▶ **Items listed in a dataset**:
········

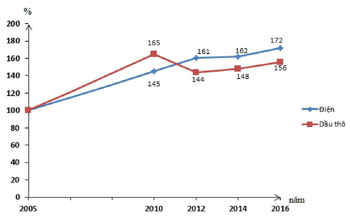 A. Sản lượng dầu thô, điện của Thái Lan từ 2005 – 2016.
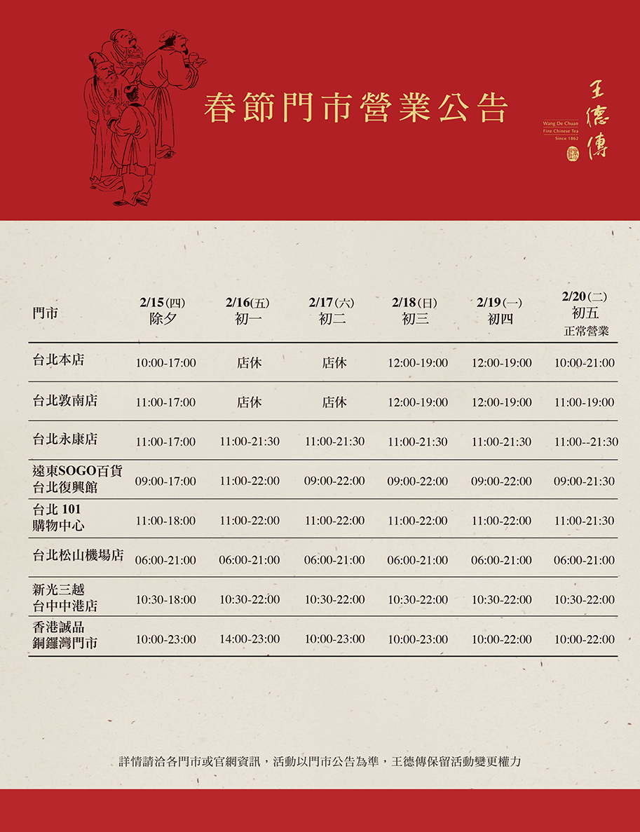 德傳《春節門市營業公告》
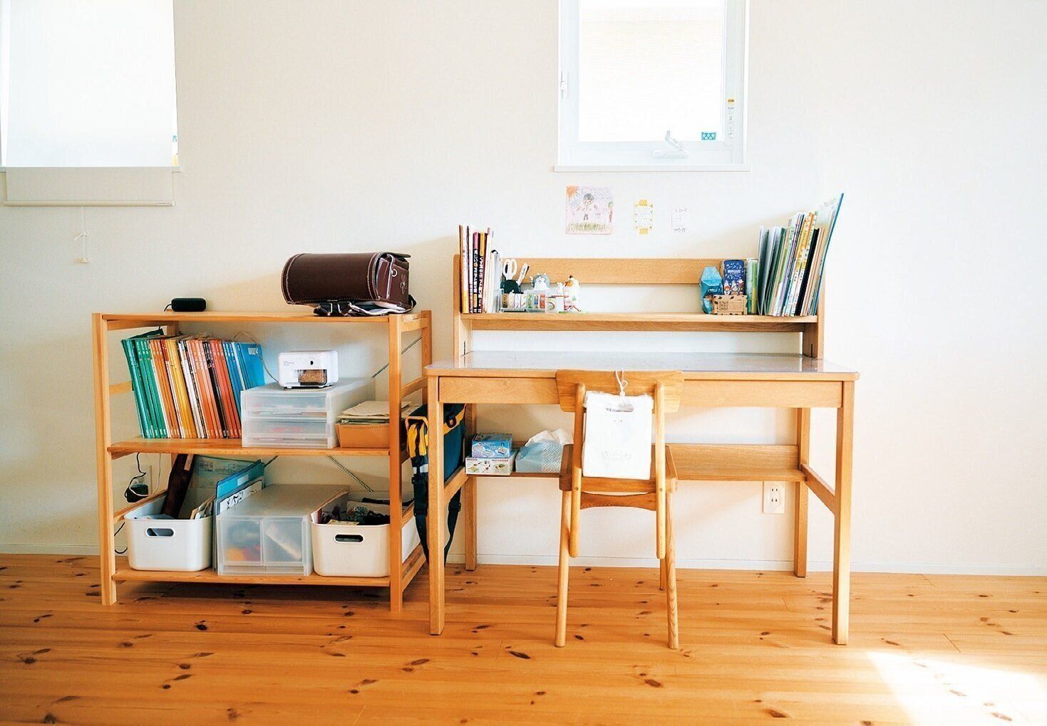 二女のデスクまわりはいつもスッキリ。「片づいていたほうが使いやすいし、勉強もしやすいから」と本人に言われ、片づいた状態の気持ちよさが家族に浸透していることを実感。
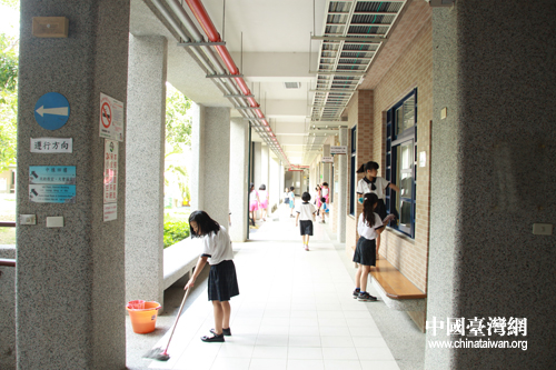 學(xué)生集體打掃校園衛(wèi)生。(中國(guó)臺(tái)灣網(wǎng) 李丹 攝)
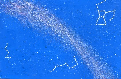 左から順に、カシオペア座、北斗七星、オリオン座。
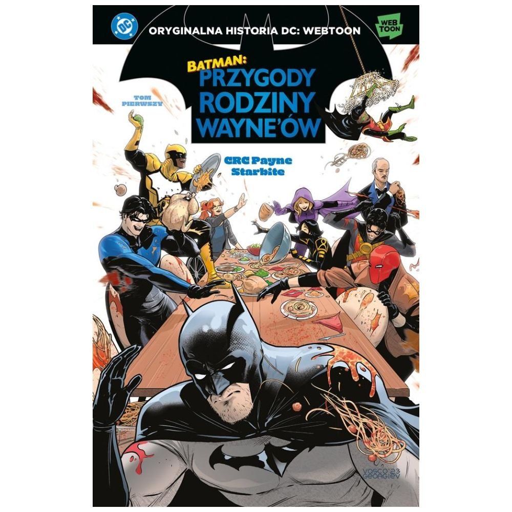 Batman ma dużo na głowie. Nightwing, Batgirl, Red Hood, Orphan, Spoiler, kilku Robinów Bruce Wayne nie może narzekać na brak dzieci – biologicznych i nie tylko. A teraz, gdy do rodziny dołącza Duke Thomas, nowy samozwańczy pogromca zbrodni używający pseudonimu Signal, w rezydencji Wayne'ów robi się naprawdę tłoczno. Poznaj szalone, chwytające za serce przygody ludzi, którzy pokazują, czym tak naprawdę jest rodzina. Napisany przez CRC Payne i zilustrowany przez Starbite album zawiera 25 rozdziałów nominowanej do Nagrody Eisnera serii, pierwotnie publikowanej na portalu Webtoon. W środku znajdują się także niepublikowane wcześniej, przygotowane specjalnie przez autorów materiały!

········

▶ **WHAT THE TASK REQUIRES**: Would you reproduce, exactly and with nothing added, every line from the beginning of the entries above through the line that contains "左から順に、カシオペア座、北斗七星、オリオン座。", both included, leaving out the pictures?

▶ **EXERCISE OUTPUT**:
 A. Sản lượng dầu thô, điện của Thái Lan từ 2005 – 2016.
 德傳《春節門市營業公告》
 二女のデスクまわりはいつもスッキリ。「片づいていたほうが使いやすいし、勉強もしやすいから」と本人に言われ、片づいた状態の気持ちよさが家族に浸透していることを実感。
 學(xué)生集體打掃校園衛(wèi)生。(中國(guó)臺(tái)灣網(wǎng) 李丹 攝)
 左から順に、カシオペア座、北斗七星、オリオン座。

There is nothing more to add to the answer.